Choice of Anesthetic Technique

The choice of anesthetic technique varies among centers, with no clear superior method, and generally follows the dictates of the well-described considerations for operative neuroanesthesia. At UCSF we typically provide monitored anesthesia care (MAC, sedation) to patients undergoing diagnostic angiography as long as the patients are cooperative and can remain still during image acquisition. Patients receiving therapeutic intervention involving intracranial blood vessels and patients undergoing spinal angiography typically receive general anesthesia (GA).

Secure intravenous (IV) access should be available with adequate extension tubing to allow drug and fluid administration at maximal distance from the image intensifier during fluoroscopy. Access to intravenous or arterial catheters and EVDs can be difficult when the patient is draped with the arms restrained at the sides. Primary anesthetic or vasoactive agent infusions should be given through proximal ports with minimal dead space.

Monitoring

In addition to the standard monitors specified by the American Society of Anesthesiologists, capnography sampling via the sampling port of the nasal cannula is used during IV sedation.

For intracranial procedures and postoperative care, beat-to-beat arterial pressure monitoring and blood sampling can be facilitated by the placement of an intra-arterial catheter. A side port of the femoral artery introducer sheath can also be used, but the sheath is usually removed immediately after the procedure. In a patient who requires continuous blood pressure monitoring or frequent blood sampling postoperatively, it is convenient to have a separate radial arterial catheter. Electrophysiologic monitoring is not commonly used.

With a coaxial or triaxial catheter system, arterial pressure at the carotid artery, the vertebral artery, and the distal cerebral circulation can be measured. Pressures in these distal catheters usually underestimate systolic and overestimate diastolic pressure; however, mean pressures are reliable. Bladder catheters assist in fluid management as well as patient comfort; a significant volume of heparinized flush solution and radiographic contrast agent may be used. Sodium bicarbonate infusions are used to reduce potential renal injury, especially in patients with abnormal renal function. The infusion is typically started before the procedure, and continued till after the end of procedure.
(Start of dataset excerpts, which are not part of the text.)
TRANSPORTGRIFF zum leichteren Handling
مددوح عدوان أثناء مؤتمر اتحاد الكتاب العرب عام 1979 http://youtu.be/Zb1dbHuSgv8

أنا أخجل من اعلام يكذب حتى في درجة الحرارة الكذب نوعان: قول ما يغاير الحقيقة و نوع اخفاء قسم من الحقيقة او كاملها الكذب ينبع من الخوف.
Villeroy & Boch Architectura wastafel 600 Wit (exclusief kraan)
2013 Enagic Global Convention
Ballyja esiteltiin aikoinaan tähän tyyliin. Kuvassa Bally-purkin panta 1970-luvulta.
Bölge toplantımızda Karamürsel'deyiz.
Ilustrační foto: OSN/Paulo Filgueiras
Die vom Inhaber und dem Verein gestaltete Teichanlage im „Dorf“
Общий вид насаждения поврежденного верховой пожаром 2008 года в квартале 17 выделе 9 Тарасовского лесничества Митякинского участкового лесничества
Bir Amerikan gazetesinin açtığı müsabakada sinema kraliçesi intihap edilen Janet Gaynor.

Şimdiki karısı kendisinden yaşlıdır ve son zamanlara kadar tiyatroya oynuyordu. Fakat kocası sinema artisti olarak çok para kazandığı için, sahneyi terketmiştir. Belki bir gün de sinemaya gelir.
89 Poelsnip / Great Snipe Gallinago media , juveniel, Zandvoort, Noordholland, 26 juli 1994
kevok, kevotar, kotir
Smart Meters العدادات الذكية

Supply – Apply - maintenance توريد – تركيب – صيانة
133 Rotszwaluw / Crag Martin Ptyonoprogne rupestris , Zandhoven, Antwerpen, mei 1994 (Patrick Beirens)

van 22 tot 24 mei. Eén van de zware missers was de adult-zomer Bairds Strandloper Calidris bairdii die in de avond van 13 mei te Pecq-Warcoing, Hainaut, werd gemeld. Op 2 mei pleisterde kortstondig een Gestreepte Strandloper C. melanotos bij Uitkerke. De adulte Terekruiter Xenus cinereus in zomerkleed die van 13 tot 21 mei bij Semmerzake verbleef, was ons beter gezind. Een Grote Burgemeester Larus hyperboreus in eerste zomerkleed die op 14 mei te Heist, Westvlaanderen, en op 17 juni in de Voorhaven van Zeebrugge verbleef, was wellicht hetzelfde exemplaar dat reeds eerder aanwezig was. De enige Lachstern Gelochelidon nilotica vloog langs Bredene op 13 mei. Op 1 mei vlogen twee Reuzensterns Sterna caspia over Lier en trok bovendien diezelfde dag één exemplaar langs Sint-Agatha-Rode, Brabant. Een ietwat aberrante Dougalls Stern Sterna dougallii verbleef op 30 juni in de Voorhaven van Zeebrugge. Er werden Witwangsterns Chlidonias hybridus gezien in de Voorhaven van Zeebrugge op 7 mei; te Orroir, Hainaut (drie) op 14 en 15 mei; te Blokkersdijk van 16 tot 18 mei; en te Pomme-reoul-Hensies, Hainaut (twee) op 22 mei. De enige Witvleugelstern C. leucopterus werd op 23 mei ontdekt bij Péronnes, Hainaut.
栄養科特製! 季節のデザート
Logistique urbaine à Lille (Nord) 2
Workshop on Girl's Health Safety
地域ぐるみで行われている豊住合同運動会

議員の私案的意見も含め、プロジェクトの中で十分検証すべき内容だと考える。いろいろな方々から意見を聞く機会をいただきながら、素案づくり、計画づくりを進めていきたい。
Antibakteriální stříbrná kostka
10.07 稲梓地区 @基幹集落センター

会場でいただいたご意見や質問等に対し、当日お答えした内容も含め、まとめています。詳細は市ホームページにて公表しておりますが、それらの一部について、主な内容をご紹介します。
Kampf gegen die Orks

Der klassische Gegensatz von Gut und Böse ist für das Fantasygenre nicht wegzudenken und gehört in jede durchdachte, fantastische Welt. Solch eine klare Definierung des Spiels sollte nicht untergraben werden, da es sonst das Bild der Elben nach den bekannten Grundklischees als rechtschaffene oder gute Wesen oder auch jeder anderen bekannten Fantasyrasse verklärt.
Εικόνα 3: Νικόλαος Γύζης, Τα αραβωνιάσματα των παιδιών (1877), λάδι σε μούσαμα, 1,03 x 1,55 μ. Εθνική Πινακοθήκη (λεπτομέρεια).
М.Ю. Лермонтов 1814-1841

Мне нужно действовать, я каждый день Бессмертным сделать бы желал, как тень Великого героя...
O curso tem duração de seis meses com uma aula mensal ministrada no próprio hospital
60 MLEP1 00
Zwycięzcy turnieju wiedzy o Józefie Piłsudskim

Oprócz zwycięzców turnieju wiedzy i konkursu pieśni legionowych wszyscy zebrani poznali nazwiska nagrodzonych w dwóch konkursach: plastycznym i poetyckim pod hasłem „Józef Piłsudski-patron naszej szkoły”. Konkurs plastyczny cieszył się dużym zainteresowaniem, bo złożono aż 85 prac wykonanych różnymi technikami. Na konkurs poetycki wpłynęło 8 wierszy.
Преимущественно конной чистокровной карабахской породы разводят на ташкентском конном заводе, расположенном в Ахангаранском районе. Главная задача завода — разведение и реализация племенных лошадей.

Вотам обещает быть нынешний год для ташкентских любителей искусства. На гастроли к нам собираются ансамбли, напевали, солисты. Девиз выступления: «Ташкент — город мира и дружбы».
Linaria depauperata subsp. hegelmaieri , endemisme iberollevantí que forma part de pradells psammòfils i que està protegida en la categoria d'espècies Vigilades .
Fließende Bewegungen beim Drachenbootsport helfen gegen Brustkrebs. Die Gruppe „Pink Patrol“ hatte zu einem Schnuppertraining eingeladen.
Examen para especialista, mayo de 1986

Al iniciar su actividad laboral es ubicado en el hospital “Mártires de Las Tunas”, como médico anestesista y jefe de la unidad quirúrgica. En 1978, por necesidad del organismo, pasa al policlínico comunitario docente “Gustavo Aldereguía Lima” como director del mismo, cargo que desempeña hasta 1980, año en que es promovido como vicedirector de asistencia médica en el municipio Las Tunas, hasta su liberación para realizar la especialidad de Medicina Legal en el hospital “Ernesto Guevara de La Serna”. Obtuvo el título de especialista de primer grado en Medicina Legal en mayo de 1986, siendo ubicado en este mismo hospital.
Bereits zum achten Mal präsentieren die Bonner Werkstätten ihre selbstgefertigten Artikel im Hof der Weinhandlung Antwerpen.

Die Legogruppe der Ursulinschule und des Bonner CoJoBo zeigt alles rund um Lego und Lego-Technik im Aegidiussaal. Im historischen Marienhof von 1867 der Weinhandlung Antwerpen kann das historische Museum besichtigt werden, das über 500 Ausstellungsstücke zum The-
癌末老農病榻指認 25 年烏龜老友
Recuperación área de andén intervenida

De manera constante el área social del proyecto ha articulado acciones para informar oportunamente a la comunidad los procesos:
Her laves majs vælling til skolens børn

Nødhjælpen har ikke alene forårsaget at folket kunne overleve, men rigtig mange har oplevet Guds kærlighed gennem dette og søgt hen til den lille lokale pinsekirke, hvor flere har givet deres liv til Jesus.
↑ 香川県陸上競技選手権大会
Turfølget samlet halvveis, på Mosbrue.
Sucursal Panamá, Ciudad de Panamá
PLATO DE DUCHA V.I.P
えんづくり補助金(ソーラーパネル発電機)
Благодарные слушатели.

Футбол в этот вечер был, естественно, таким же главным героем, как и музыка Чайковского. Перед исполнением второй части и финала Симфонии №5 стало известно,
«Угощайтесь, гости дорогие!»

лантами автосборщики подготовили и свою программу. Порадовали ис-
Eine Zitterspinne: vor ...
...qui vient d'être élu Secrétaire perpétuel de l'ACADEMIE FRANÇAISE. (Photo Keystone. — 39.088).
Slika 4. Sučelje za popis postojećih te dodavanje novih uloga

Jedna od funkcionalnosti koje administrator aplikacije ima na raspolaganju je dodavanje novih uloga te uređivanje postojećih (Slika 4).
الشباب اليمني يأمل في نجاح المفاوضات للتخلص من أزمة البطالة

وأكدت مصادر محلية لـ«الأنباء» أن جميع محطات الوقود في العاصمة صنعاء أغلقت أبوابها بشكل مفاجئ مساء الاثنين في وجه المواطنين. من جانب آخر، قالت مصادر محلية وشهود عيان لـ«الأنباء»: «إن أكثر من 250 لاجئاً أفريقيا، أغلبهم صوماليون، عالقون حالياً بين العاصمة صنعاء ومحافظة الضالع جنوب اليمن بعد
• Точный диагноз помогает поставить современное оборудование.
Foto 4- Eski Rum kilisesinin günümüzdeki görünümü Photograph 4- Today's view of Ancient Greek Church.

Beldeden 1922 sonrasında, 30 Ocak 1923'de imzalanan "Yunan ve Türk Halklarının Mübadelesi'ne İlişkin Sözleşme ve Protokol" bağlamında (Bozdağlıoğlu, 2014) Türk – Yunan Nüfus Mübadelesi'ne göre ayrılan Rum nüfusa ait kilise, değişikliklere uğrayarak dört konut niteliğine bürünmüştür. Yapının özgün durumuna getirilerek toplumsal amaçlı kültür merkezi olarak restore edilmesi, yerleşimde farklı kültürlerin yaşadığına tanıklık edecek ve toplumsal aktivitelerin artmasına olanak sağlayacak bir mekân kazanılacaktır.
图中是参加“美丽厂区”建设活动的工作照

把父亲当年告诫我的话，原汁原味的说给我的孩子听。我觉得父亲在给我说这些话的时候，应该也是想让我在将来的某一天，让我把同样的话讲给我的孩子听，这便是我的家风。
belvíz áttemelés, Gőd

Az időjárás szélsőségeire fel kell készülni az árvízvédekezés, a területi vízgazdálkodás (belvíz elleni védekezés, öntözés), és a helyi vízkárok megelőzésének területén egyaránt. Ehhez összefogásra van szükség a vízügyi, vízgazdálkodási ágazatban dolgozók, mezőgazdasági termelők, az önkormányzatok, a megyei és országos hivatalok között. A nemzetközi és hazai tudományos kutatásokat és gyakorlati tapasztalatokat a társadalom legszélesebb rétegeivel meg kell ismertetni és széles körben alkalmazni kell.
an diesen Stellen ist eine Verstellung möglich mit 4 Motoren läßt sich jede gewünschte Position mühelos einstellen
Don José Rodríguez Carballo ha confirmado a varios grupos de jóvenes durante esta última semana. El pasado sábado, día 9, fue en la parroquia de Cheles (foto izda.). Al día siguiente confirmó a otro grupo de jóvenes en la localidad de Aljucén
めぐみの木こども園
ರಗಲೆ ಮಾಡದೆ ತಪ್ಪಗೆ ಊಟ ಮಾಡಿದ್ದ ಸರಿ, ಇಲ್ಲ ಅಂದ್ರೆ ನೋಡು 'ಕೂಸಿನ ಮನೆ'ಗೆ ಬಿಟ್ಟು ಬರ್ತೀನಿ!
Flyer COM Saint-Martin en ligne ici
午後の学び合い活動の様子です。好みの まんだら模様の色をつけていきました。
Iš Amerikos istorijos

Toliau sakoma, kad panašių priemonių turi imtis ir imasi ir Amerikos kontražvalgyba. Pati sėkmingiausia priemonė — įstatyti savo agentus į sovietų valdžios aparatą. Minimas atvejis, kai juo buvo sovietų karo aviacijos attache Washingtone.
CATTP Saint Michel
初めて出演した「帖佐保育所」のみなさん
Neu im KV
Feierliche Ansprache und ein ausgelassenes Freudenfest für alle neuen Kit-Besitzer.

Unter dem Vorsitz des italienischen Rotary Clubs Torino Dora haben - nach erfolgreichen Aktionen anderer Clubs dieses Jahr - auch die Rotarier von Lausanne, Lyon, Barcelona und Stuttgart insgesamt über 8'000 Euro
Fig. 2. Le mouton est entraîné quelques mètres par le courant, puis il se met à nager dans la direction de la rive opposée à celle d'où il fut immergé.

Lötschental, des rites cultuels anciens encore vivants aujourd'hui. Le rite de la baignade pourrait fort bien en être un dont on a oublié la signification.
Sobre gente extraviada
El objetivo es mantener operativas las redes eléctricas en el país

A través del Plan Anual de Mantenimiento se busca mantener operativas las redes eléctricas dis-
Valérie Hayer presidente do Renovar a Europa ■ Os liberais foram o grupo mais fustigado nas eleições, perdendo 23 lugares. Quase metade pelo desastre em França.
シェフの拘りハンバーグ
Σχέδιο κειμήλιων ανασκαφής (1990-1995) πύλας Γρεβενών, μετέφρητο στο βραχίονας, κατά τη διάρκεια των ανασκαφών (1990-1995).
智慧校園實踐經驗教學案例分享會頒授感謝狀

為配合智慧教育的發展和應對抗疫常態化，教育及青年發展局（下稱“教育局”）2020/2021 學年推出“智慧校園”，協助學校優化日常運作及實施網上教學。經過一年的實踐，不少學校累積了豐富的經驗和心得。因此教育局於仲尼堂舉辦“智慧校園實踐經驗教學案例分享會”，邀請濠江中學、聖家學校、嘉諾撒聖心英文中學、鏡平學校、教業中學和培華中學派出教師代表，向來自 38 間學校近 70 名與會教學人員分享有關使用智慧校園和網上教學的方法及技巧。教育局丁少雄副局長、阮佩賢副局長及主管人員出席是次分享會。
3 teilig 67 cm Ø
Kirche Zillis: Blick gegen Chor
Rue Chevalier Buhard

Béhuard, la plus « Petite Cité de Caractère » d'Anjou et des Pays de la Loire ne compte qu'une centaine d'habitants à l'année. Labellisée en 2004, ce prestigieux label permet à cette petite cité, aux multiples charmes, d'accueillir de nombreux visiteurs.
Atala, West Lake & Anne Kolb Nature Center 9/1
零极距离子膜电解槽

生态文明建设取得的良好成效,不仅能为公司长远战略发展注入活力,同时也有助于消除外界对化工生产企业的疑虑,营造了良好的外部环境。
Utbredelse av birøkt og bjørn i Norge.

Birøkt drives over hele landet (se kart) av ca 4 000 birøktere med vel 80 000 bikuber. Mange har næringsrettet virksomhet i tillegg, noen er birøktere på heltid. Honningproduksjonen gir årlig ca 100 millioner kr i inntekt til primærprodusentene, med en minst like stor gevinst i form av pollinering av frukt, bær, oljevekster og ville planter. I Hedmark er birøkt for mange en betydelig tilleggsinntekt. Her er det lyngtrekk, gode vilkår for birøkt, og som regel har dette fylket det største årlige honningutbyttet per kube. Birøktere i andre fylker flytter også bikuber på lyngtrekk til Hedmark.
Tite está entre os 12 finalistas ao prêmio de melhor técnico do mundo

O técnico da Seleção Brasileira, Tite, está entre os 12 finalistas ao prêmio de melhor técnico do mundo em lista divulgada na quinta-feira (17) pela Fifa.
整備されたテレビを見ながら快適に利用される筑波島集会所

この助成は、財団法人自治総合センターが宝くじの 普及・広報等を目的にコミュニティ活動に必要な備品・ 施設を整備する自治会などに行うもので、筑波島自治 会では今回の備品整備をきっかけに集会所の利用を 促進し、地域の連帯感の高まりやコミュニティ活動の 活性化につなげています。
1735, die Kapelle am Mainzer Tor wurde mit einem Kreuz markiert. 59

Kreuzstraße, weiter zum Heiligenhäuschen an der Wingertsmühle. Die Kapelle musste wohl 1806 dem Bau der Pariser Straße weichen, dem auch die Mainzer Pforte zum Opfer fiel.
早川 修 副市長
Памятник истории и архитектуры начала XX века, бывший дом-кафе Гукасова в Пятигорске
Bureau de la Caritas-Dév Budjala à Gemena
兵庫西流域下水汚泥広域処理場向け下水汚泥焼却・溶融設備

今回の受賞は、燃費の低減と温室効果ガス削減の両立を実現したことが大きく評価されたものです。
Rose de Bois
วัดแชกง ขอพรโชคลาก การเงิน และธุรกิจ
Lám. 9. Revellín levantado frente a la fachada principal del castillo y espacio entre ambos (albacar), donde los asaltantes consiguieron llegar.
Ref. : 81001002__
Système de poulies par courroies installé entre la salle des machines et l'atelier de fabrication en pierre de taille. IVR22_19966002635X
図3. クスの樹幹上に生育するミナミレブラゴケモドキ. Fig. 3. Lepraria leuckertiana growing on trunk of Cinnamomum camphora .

EVDs should be monitored and drained as discussed with the primary care team.

General Anesthesia

The primary reasons for employing general anesthesia in INR are to minimize motion artifacts, to improve the quality of the image and to reduce catheter-induced complications. Normocapnia or modest hypocapnia consistent with the safe conduct of positive-pressure ventilation should be maintained, unless intracranial pressure is a concern. The specific choice of anesthesia may be guided primarily by other cardiovascular and cerebrovascular considerations and typically follow general neuroanesthesia principles. There is no clear superiority of one modern anesthetic over another in terms of pharmacologic protection against neuronal injury. Total intravenous anesthetic techniques, or combinations of inhalational and intravenous methods, may optimize rapid emergence. An argument could be made for avoiding nitrous oxide because of the possibility of introducing air emboli into the cerebral circulation and also because of reports that this agent worsens outcome after experimental brain injury.

It is important to distinguish between the two general settings in which hyperventilation is used in anesthetic practice. First, it is used to treat intracranial hypertension. Hyperventilation is an important mainstay in the management of an intracranial catastrophe to acutely reduce cerebral blood volume ( Box 14.1 ). PaCO ₂ management should aim at normocapnia or mild hypocapnia to the extent consistent with the safe conduct of positive-pressure ventilation. If a patient has increased intracranial pressure, prophylactic mild hypocapnia may be indicated during the induction and maintenance of anesthesia. Patients who have been hyperventilated in the ICU before the procedure, and patients who may be spontaneously hyperventilating secondary to cerebral injury should have their pCO ₂ maintained at or below pre-procedure levels.

Intravenous Sedation

For cases managed with an unsecured airway, routine evaluation of the potential ease of laryngoscopy in an emergency situation should take into account that direct access to the airway may be limited by table or room logistics. Recent pterional craniotomy can sometimes result in impairment of temporomandibular joint mobility.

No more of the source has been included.